[Opening SUPPLIED RECORDS section]
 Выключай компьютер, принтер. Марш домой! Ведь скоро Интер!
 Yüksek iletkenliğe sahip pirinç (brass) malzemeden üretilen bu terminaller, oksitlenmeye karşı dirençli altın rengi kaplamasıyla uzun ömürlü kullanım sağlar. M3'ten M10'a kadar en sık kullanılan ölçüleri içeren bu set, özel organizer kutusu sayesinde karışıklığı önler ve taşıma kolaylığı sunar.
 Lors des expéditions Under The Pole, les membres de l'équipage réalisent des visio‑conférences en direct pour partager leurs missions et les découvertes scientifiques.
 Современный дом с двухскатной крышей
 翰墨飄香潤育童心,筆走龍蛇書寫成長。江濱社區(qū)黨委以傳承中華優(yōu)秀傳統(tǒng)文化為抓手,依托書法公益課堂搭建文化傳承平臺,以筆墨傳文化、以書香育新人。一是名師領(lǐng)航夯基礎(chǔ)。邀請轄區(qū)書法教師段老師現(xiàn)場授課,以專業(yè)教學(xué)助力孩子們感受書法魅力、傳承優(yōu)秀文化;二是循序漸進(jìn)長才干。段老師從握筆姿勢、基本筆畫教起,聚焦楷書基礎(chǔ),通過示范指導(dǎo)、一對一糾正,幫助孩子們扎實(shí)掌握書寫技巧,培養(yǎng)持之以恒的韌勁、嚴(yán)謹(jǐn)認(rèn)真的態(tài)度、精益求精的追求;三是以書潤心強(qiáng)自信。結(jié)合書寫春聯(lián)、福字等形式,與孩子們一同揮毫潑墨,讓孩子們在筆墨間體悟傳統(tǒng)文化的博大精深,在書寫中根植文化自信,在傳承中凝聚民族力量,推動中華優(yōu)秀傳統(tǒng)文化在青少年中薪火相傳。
[Closing SUPPLIED RECORDS section]
■ WHAT IS BEING ASKED: When you copy the data, keep every line word for word.

■ ANSWER BOX:
 Выключай компьютер, принтер. Марш домой! Ведь скоро Интер!
 Yüksek iletkenliğe sahip pirinç (brass) malzemeden üretilen bu terminaller, oksitlenmeye karşı dirençli altın rengi kaplamasıyla uzun ömürlü kullanım sağlar. M3'ten M10'a kadar en sık kullanılan ölçüleri içeren bu set, özel organizer kutusu sayesinde karışıklığı önler ve taşıma kolaylığı sunar.
 Lors des expéditions Under The Pole, les membres de l'équipage réalisent des visio‑conférences en direct pour partager leurs missions et les découvertes scientifiques.
 Современный дом с двухскатной крышей
 翰墨飄香潤育童心,筆走龍蛇書寫成長。江濱社區(qū)黨委以傳承中華優(yōu)秀傳統(tǒng)文化為抓手,依托書法公益課堂搭建文化傳承平臺,以筆墨傳文化、以書香育新人。一是名師領(lǐng)航夯基礎(chǔ)。邀請轄區(qū)書法教師段老師現(xiàn)場授課,以專業(yè)教學(xué)助力孩子們感受書法魅力、傳承優(yōu)秀文化;二是循序漸進(jìn)長才干。段老師從握筆姿勢、基本筆畫教起,聚焦楷書基礎(chǔ),通過示范指導(dǎo)、一對一糾正,幫助孩子們扎實(shí)掌握書寫技巧,培養(yǎng)持之以恒的韌勁、嚴(yán)謹(jǐn)認(rèn)真的態(tài)度、精益求精的追求;三是以書潤心強(qiáng)自信。結(jié)合書寫春聯(lián)、福字等形式,與孩子們一同揮毫潑墨,讓孩子們在筆墨間體悟傳統(tǒng)文化的博大精深,在書寫中根植文化自信,在傳承中凝聚民族力量,推動中華優(yōu)秀傳統(tǒng)文化在青少年中薪火相傳。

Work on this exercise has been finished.